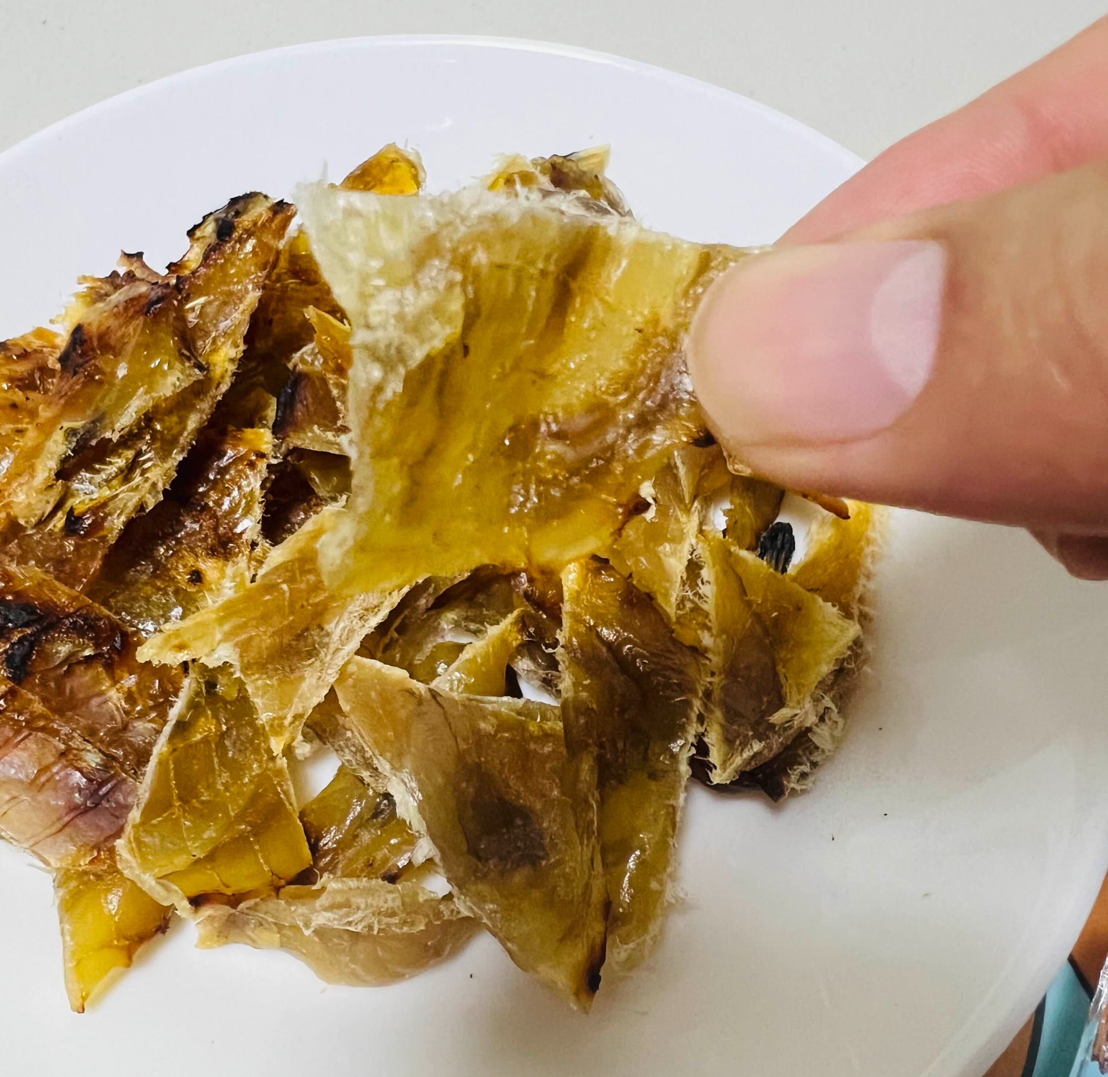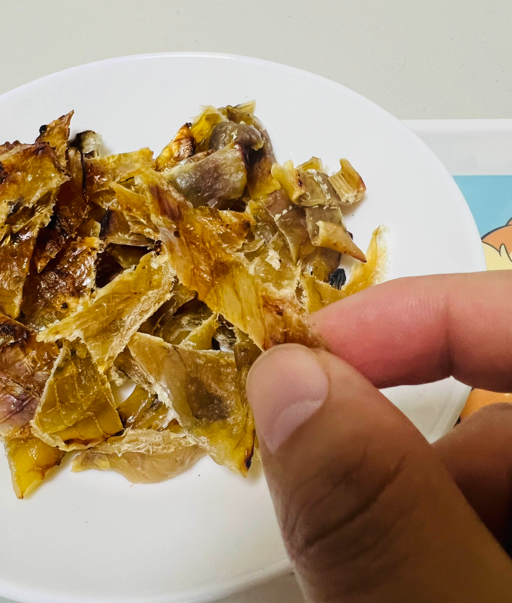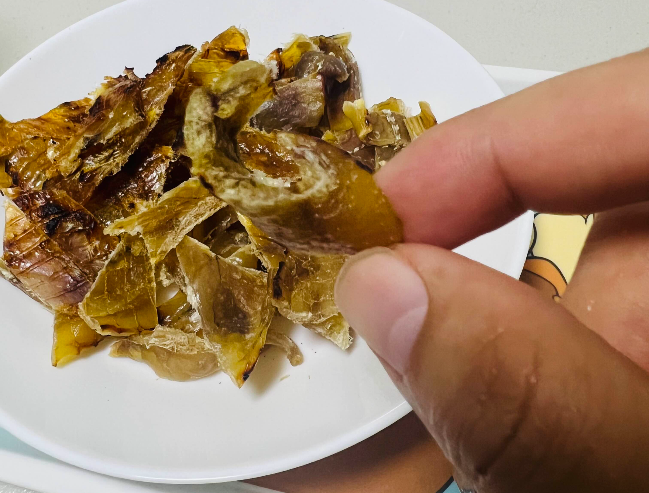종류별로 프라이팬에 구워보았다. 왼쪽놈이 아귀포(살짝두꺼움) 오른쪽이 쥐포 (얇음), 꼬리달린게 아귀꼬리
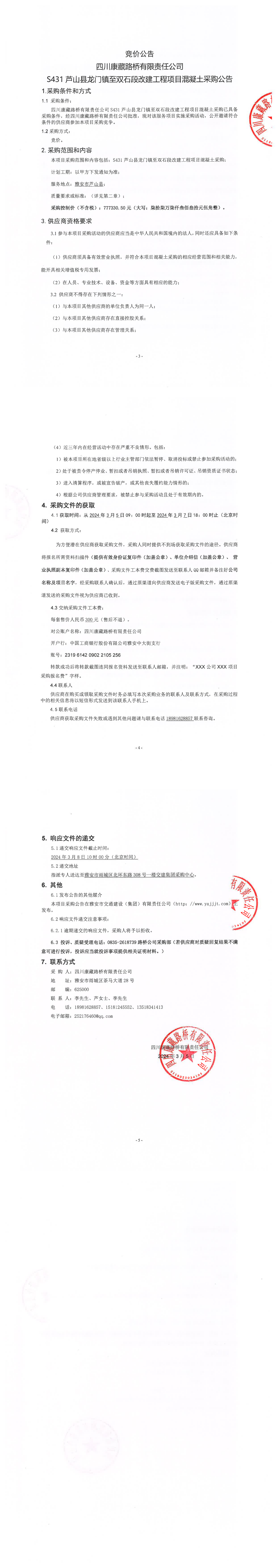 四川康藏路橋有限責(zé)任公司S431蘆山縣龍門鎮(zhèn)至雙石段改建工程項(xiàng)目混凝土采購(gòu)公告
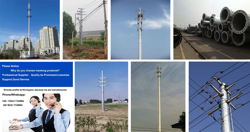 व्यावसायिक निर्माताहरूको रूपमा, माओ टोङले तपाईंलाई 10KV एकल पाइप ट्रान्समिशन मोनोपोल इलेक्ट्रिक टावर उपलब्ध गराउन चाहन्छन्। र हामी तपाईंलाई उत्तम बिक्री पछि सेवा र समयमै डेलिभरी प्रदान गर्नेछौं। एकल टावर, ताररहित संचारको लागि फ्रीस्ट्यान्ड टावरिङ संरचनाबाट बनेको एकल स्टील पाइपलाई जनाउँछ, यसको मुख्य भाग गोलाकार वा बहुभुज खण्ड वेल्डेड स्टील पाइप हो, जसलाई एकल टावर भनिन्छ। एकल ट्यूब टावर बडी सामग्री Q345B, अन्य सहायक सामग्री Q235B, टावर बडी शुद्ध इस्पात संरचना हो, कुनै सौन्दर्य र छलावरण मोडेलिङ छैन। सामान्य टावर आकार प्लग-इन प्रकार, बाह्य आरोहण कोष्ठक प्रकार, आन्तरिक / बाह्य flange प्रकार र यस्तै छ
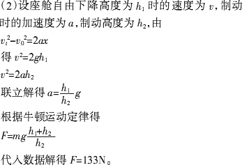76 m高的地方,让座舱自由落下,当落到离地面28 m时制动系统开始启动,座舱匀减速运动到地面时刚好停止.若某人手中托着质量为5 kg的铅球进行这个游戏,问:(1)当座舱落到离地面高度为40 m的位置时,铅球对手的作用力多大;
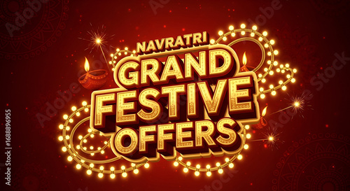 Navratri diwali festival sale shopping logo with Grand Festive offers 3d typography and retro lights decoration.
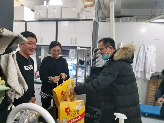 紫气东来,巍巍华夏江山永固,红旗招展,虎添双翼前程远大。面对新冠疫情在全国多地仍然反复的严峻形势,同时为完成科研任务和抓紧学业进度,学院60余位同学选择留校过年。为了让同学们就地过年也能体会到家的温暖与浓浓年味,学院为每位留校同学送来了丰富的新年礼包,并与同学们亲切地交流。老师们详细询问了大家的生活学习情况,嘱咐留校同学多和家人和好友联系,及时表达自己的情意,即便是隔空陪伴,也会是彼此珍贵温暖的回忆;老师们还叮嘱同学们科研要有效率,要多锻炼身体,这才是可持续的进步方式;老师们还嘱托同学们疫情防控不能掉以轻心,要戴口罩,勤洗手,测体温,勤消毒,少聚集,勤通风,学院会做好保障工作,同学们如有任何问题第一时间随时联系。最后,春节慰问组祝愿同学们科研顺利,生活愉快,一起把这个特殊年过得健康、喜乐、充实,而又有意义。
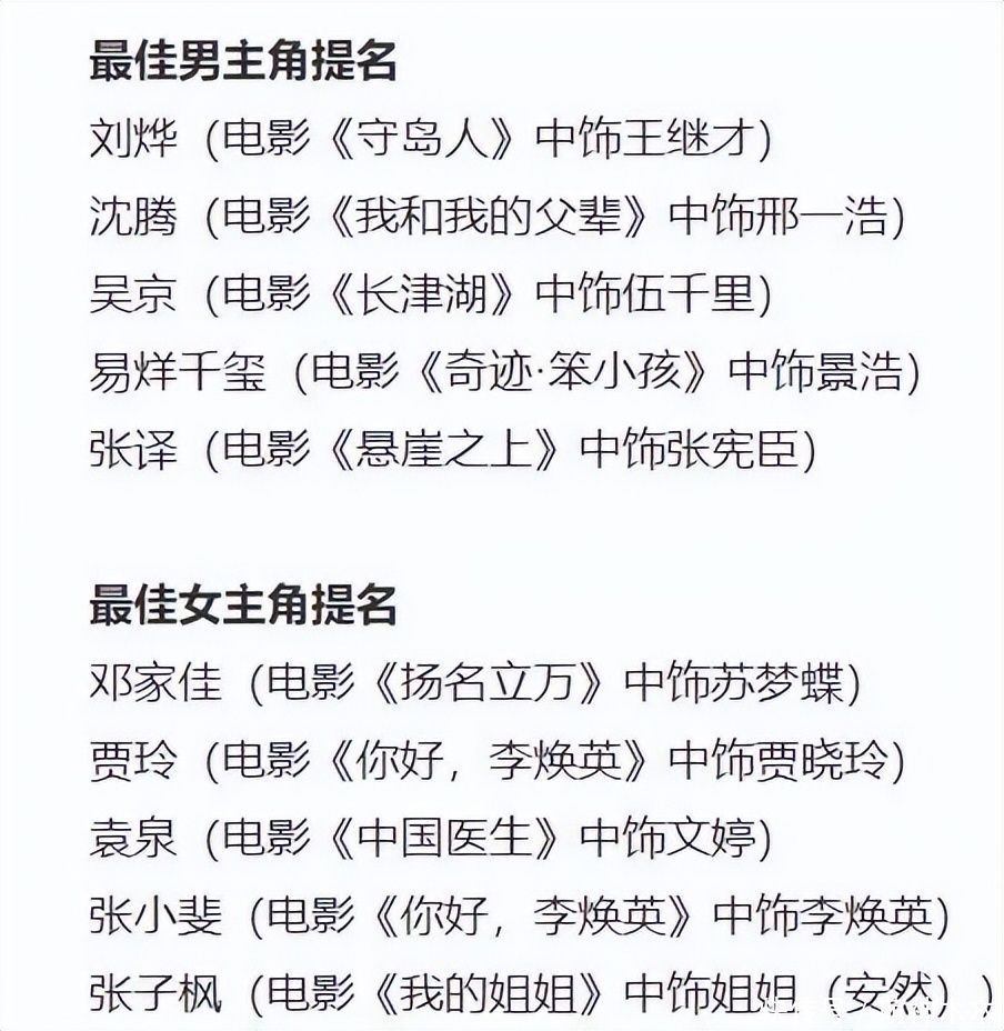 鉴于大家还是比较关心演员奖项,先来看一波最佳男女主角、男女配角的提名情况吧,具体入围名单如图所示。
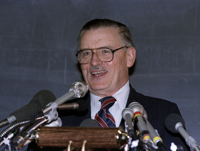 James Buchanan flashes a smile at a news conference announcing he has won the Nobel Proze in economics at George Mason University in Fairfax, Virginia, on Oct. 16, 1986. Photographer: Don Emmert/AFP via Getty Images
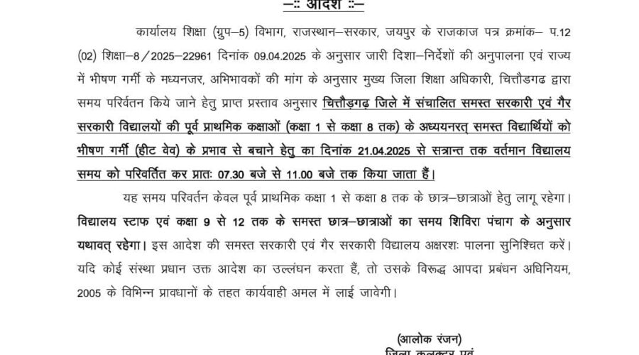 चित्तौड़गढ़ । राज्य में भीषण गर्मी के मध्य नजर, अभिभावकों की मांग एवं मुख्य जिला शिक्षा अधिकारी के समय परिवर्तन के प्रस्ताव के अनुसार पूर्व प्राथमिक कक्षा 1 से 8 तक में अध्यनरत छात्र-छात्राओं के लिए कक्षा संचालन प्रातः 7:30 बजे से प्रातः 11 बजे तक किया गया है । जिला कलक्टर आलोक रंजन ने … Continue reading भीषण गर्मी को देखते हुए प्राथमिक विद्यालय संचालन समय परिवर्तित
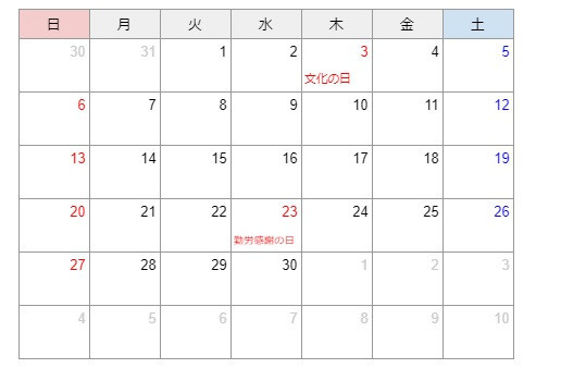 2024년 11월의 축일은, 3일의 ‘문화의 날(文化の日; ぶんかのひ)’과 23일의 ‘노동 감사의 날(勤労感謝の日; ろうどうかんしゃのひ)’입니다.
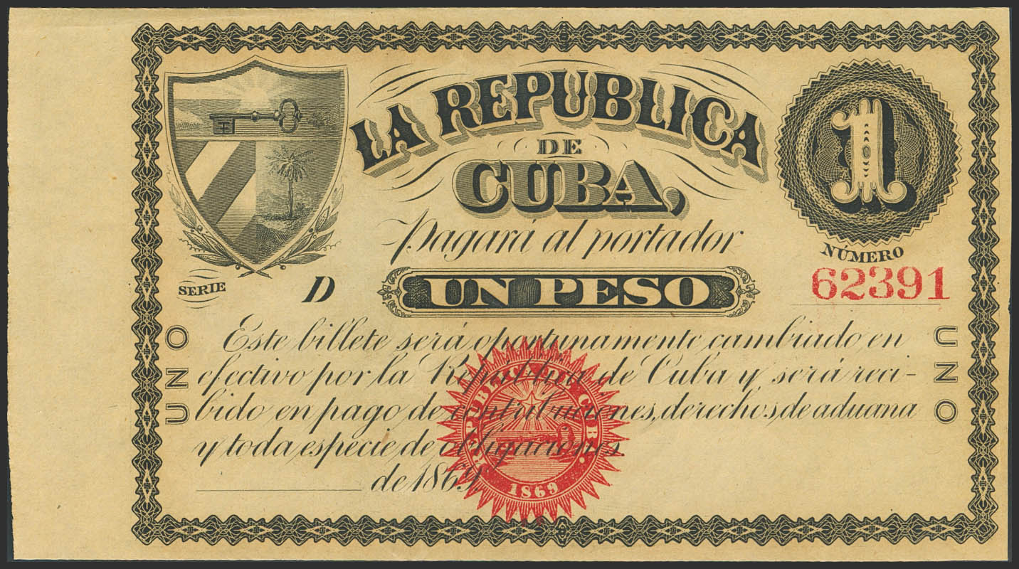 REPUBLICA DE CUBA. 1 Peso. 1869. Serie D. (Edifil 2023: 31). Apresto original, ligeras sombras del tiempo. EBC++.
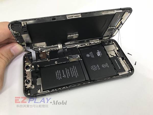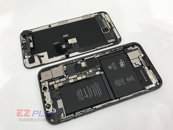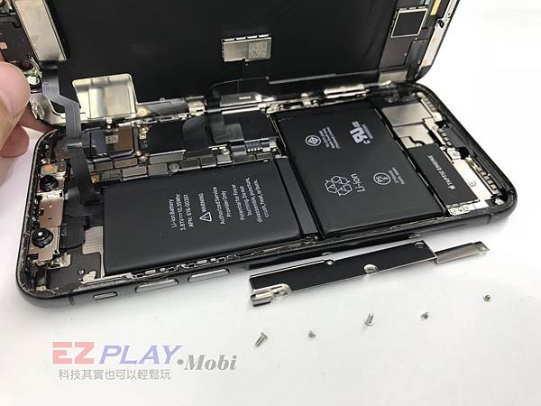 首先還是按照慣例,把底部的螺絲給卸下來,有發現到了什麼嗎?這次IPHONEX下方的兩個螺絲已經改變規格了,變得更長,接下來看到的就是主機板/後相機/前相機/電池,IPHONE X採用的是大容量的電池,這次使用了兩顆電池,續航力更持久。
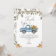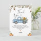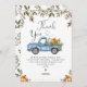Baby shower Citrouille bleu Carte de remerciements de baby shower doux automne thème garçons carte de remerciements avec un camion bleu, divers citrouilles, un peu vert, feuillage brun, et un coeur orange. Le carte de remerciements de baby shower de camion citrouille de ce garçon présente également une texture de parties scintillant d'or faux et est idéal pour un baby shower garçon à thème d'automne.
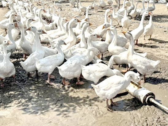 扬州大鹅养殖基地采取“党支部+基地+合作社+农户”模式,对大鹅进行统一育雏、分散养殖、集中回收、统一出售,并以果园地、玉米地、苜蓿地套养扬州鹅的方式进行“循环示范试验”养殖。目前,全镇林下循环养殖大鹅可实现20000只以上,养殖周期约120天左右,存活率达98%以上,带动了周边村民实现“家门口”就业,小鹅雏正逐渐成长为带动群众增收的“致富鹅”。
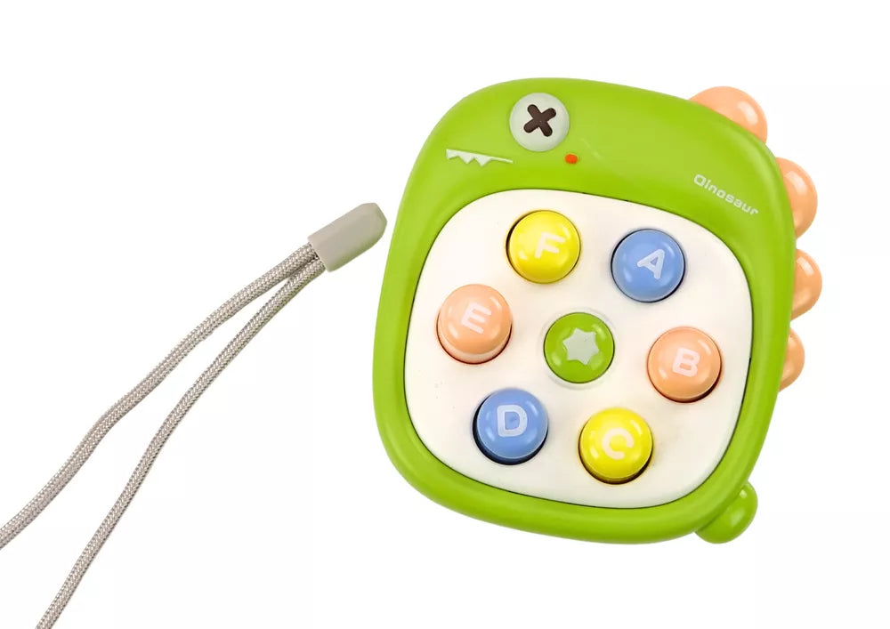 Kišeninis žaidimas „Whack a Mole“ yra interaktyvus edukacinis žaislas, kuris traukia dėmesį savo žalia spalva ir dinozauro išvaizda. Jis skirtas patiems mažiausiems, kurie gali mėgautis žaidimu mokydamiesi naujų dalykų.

■ **Work item**
When you reach the line containing "REPUBLICA DE CUBA." in the entries above, begin restating word for word, and stop once the line containing "首先還是按照慣例,把底部的螺" has been given. Omit the pictures.

■ **Answer to the exercise**
 REPUBLICA DE CUBA. 1 Peso. 1869. Serie D. (Edifil 2023: 31). Apresto original, ligeras sombras del tiempo. EBC++.
 首先還是按照慣例,把底部的螺絲給卸下來,有發現到了什麼嗎?這次IPHONEX下方的兩個螺絲已經改變規格了,變得更長,接下來看到的就是主機板/後相機/前相機/電池,IPHONE X採用的是大容量的電池,這次使用了兩顆電池,續航力更持久。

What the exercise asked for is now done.